Your task is to write out the complete listing exactly as it is shown.

* _SOURCE RECORDS_:
+ + + +
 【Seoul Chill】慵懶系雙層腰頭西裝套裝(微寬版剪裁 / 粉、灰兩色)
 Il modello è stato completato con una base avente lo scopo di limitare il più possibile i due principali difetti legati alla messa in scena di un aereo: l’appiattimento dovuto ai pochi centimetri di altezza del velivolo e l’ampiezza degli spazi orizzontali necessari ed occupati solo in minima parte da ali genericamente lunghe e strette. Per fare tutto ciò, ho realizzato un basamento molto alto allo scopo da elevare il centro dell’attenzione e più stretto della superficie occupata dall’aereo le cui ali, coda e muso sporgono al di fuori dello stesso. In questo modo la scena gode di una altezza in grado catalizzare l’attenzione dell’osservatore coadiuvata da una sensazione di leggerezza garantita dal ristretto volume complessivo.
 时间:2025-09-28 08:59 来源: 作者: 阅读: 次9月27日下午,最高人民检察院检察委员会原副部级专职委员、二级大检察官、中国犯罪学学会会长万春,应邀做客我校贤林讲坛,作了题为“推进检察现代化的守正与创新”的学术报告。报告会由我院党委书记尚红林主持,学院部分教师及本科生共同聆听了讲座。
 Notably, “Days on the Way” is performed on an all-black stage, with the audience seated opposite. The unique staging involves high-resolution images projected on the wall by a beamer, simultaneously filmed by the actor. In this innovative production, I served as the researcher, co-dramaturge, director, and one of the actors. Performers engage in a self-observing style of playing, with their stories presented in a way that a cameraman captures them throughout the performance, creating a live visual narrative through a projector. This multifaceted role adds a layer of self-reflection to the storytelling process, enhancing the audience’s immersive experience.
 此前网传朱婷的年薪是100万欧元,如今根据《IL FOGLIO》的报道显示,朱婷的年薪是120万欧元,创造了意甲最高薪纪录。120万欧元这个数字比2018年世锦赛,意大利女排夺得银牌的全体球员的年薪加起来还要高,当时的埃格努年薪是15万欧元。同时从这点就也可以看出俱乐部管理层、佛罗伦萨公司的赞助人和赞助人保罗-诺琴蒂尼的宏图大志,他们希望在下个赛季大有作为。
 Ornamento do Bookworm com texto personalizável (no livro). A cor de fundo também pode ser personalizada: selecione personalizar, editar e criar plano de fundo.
+ + + +
* _RESPONSE TO THE TASK_:
 【Seoul Chill】慵懶系雙層腰頭西裝套裝(微寬版剪裁 / 粉、灰兩色)
 Il modello è stato completato con una base avente lo scopo di limitare il più possibile i due principali difetti legati alla messa in scena di un aereo: l’appiattimento dovuto ai pochi centimetri di altezza del velivolo e l’ampiezza degli spazi orizzontali necessari ed occupati solo in minima parte da ali genericamente lunghe e strette. Per fare tutto ciò, ho realizzato un basamento molto alto allo scopo da elevare il centro dell’attenzione e più stretto della superficie occupata dall’aereo le cui ali, coda e muso sporgono al di fuori dello stesso. In questo modo la scena gode di una altezza in grado catalizzare l’attenzione dell’osservatore coadiuvata da una sensazione di leggerezza garantita dal ristretto volume complessivo.
 时间:2025-09-28 08:59 来源: 作者: 阅读: 次9月27日下午,最高人民检察院检察委员会原副部级专职委员、二级大检察官、中国犯罪学学会会长万春,应邀做客我校贤林讲坛,作了题为“推进检察现代化的守正与创新”的学术报告。报告会由我院党委书记尚红林主持,学院部分教师及本科生共同聆听了讲座。
 Notably, “Days on the Way” is performed on an all-black stage, with the audience seated opposite. The unique staging involves high-resolution images projected on the wall by a beamer, simultaneously filmed by the actor. In this innovative production, I served as the researcher, co-dramaturge, director, and one of the actors. Performers engage in a self-observing style of playing, with their stories presented in a way that a cameraman captures them throughout the performance, creating a live visual narrative through a projector. This multifaceted role adds a layer of self-reflection to the storytelling process, enhancing the audience’s immersive experience.
 此前网传朱婷的年薪是100万欧元,如今根据《IL FOGLIO》的报道显示,朱婷的年薪是120万欧元,创造了意甲最高薪纪录。120万欧元这个数字比2018年世锦赛,意大利女排夺得银牌的全体球员的年薪加起来还要高,当时的埃格努年薪是15万欧元。同时从这点就也可以看出俱乐部管理层、佛罗伦萨公司的赞助人和赞助人保罗-诺琴蒂尼的宏图大志,他们希望在下个赛季大有作为。
 Ornamento do Bookworm com texto personalizável (no livro). A cor de fundo também pode ser personalizada: selecione personalizar, editar e criar plano de fundo.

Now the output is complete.